Старик Пантелевский снова принялся набивать трубку.

– Вот они, значитца, нас стрелять-воевать научили. И тактике всякой, и этой… как её?.. стратехии. Да… И оружие они нам добыли! Да есчо смело так, в нахальную, немецкий склад ограбили. Вот это, я вам расскажу, дело было! Да-а!
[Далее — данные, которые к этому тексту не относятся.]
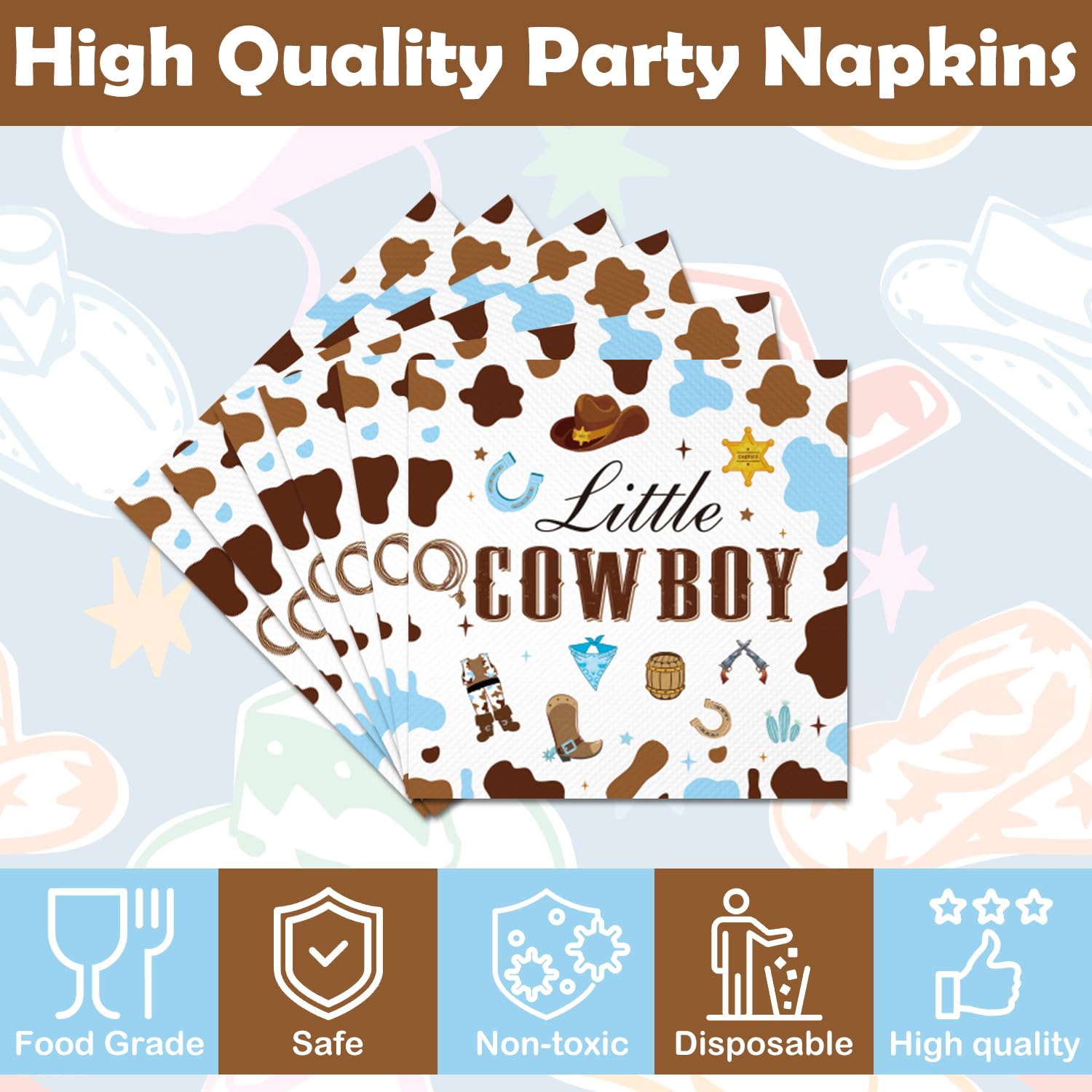 50PCS Cowboy Baby Shower Napkins - A Little Cowboy is on the Way Baby Shower Paper Napkins Western Rodeo Little Cowboy Disposable Napkins 6.5" x 6.5"

Он раскурил трубку, глубоко затянулся.

– Захватили мы тогда у немцев две машины. Легкову и грузову. Вот оне, пограничники-то, приоделись в хвашистское да и мужиков наших кой-кого переодели. А остальных, и меня також, – в кузов да брезентом прикрыли. А Кондрат Григорович, он, значитца, по-ихнему, по-немецки, аки соловей пел. Вот и пустили нас хрицы на свой склад, что под Гаврилиным располагался. А мы, как вовнутрь заехали, первым делом ближнюю охрану по-тихому повыбили, опосля полный грузовик оружий всяких понагрузили. А уж затем, как выезжали, шуму устроили! Охраны много постреляли. А пограничники-то есчё и бонбы позаложили. Ой грохот был! И горело потом до-олго! Да и ешелон первый оне под откос пустили. И остальных научили бонбы делать. И другое многое… Ловушки хитрые в лесу на немца устраивать и другую хитрость военную.

А как мы на комендатуру в Кондратовском! И немцев порешили, и этих иродов, что в полицаи подались, тоже. И всё белым днём! Так вот, в нахальную, значитца, зашли в деревню и всех хрицев постреляли. А комендатуру спалили! Дочиста.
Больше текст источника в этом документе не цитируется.